Subtle signs of failure
The following example shows the test program running OK to completion, but not under the complete control of Grid Engine.
Using the command " ps -e f -o pid,ppid,pgrp,command --cols=80" to check the process table on a node running a parallel task. If you see something like the following:
795 1 795 /export/home/bigcluster/sge/bin/lx24-x86/sge_execd 892 795 892 \_ sge_shepherd-6 -bg 963 892 963 \_ -sh /export/home/bigcluster/sge/default/spool/n0008/jo 964 963 963 \_ mpirun C ./mpihello 952 1 952 /opt/class/tight-lammpi/bin/lamd -H 198.18.0.9 -P 32779 -n 0 - 965 952 952 \_ ./mpihello
The above example shows that the LAM daemon binary ("lamd") is not a child process of the Grid Engine sge_sherpherd daemon.
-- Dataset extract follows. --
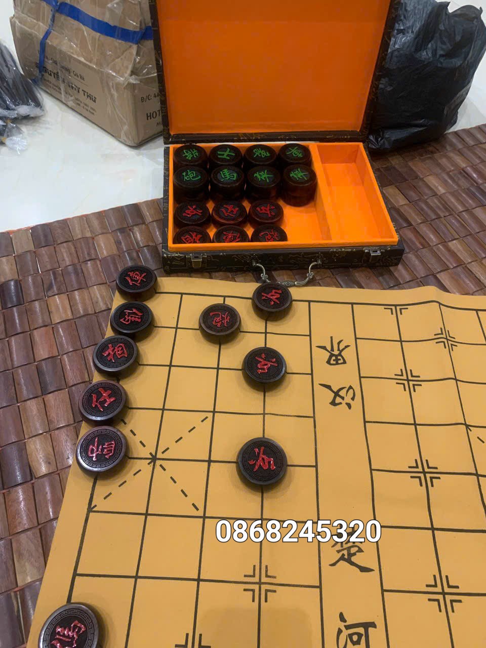 _ Bộ combo quân cờ tướng được làm bằng chất liệu gỗ trắc đỏ đen + hộp đựng gỗ hương tự nhiên 100% kèm theo tấm vải da đi cùng đủ bộ _ Kt quân
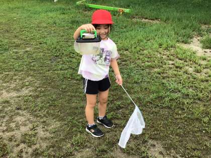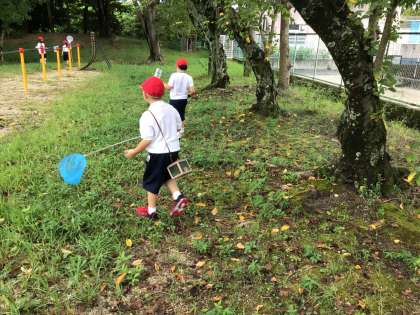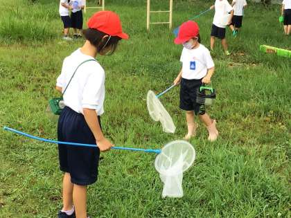 このところ蒸し暑い日が続き、雨が降る時間も多くありました。今日、雨のやみ間に1年生が生活科「むしとなかよし」で運動場に出て虫探しをしました。すべての1年生児童が網と虫かごを持って、伸びてきた草のあたりをよく探していました。見つけてもなかなかうまく網に入らず残念がる姿も多く見られました。

This means that tight integration has failed as it is clear that LAM is running in its own little world. What we want to see is "lamd" running under the control and supervision of a SGE daemon. This may be similar to output seen in a loose LAM-MPI environment where the lamboot program launches the LAM daemons independently of Grid Engine.